In pulmonary circulation, all the blood flows to lungs, whereas in systemic circulation, it is made up of numerous different circuits. The arrangement permits wide variation in regional blood flow without changing the total systemic flow.

The design of the various parts of the vascular system is in conformity to the dynamics of circulation. The intraluminal diameter, the wall thickness, the histological structure of the walls are designed in such a way that the circulation in the overall parts of the body is smooth with specific basic functions to be complied with.

The wall of arteries are made up of three layers, namely:

i. The outer most connective tissue layer, the tunica adventitia

ii. The middle layer is made up smooth muscle, the tunica media

iii. And the innermost layer is made up of endothelial cell, the tunica intima.

The walls of the aorta and other large diameter arteries contain relative large amount of elastic tissue (Fig. 3.11) that permit distensibility and collagen fibers. Collagen prevents overstretching; elastic fibers recoil and act as secondary pump in facilitating blood flow during ventricular diastole. They are stretched during ventricular systole and recoil during ventricular diastole.

Different Tissues Contribution in the Walls of Aorta, Artery, Capillary and Veins

The smooth muscles present in the blood vessels are innervated by sympathetic noradrenergic fibers, which bring about the constriction of the blood vessels. The parasympathetic innervations to the smooth muscle are almost insignificant. The arterioles are the major site of resistance to the blood flow.

Blood always flows from areas of higher pressure to areas of lower pressure except in certain situations when momentum transiently sustains flow (forward flow of blood in aorta during protodiastole phase of ventricular diastole. In this phase, in spite of semi­lunar valves being in the open state and the pressure being more in the aorta than in left ventricle, there will not be back flow of blood into the ventricle from the aorta).

Shear Stress:

i. Flowing blood creates a force on the endothelium that is parallel to the long axis of the vessel.

ii. This shear stress is proportionate to the viscosity (ƞ) times the shear rate.

iii. Shear rate is the rate at which the axial velocity increases from the vessel wall towards the lumen.

Average Velocity:

i. It is important to distinguish between velocity and flow.

ii. Velocity is rate of displacement per unit time, whereas flow is rate of volume flow per unit time.

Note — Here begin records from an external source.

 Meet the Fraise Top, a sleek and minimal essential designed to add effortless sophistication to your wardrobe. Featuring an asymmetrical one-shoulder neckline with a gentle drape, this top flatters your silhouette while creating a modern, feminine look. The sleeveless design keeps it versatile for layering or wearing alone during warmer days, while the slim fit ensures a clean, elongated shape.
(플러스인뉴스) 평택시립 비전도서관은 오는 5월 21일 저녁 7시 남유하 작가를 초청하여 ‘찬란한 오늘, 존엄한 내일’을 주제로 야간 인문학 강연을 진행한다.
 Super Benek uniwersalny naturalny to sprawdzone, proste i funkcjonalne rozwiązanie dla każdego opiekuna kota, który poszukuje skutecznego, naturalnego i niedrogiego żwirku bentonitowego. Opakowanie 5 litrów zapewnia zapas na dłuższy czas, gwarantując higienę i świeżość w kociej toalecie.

iii. Velocity is proportionate to

V = Q/A

V = velocity;

Q = flow;

A = area of the conduit

Hence Q = A × V

The average velocity of blood is inversely proportional to the total cross-sectional area. Therefore, the average velocity of blood flow is high in aorta, decreases gradually in the arterial compartment and is least at the level of capillaries (the cross-sectional area of capillaries will be few thousands of times to that of the aorta). The average velocity of blood again increases slight in the veins.

Viscosity and Resistance:

i. The resistance to flow is determined not only by the radius of blood vessels but also by viscosity of blood.

ii. Blood is about 5-6 times more viscous to that of water.

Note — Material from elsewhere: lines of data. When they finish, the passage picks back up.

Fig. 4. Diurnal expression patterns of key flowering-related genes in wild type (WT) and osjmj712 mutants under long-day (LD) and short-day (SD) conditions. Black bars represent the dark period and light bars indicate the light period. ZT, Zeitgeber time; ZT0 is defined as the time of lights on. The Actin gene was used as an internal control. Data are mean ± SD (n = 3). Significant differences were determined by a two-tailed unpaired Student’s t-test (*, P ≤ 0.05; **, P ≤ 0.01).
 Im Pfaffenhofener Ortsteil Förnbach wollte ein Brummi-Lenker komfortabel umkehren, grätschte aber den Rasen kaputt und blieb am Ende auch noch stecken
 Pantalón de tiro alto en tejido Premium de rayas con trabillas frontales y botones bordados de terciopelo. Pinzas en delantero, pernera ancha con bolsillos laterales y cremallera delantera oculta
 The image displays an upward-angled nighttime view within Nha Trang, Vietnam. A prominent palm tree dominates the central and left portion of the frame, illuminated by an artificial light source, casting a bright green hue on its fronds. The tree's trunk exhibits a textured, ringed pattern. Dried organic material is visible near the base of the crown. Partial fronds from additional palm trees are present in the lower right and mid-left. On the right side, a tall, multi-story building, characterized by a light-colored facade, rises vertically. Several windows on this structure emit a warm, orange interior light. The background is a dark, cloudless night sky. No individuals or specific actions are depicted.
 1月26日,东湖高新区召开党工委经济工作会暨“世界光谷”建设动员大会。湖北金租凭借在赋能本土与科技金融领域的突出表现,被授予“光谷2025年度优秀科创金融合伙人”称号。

iii. In large vessels, increase in hematocrit causes appreciable increase in viscosity.

iv. In small vessels, the change in hematocrit does not affect the viscosity much. This is because of change in the type of blood flow.

v. That is why changes in hematocrit will have relatively no effect in the change of viscosity.

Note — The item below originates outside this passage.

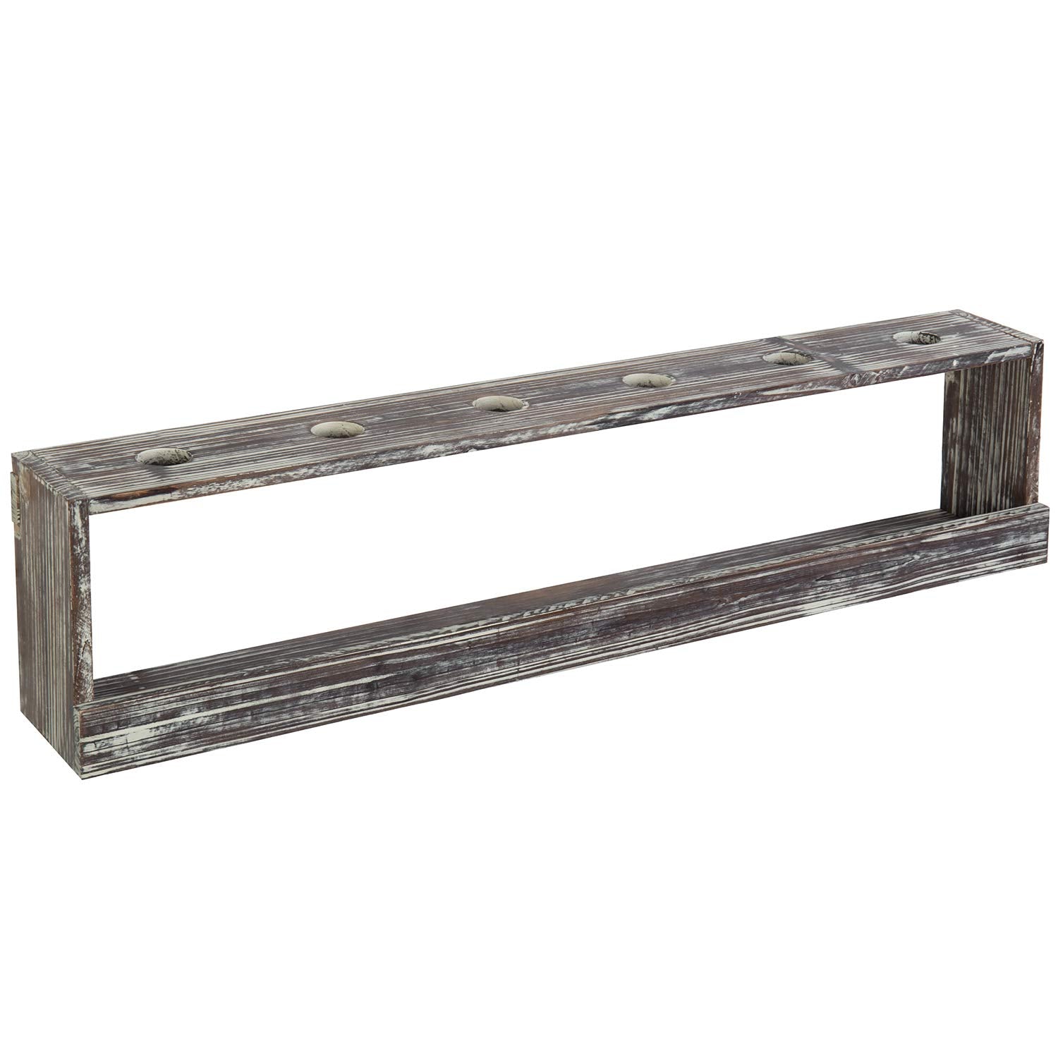 Details: Always have your ping pong paddles and balls ready for your next game with this wall mounted burnt wood ping pong paddle and ball storage shelf. Up to 6 ping pong paddles can be stored on top, with abundant space down below for storing ping pong balls. Featuring a distinctive rustic burnt wood construction, this hanging shelf is a great way to add both functional organization and unique decorative style to any game room or garage. **Paddles and balls not included** **Some assembly required**
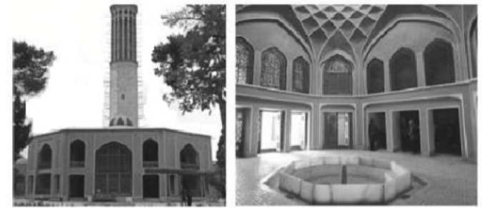 伊朗古城亚兹德古老的“风塔”是建筑物中用来通风降温的建构。风塔高过屋顶的部分四面镂空,悬空连接到室内大厅(如下左图)塔下中央建有一个水池(如下右图)。据此完成7~8题。

vi. Apart from hematocrit, the other factors of blood which contribute for viscosity are fibrinogen and immunoglobulin in plasma. Hence, any increase in fibrinogen and immunoglobulin levels in circula­tion affects viscosity.

Critical Closing Pressure or Critical Opening Pressure (Fig. 3.12):

Minimum Pressure Required to Maintain the Patency of the Arteries

i. Critical closing pressure is the minimum pressure that should be exerted by blood in order to maintain the patency of vessels in the arterial compartment.

ii. Normally, it is around 20 mm Hg.

iii. Since blood vessels are collapsible, when the blood pressure is less than 20 mm Hg, the walls of the blood vessels get collapsed and there will be no flow of blood through the blood vessel.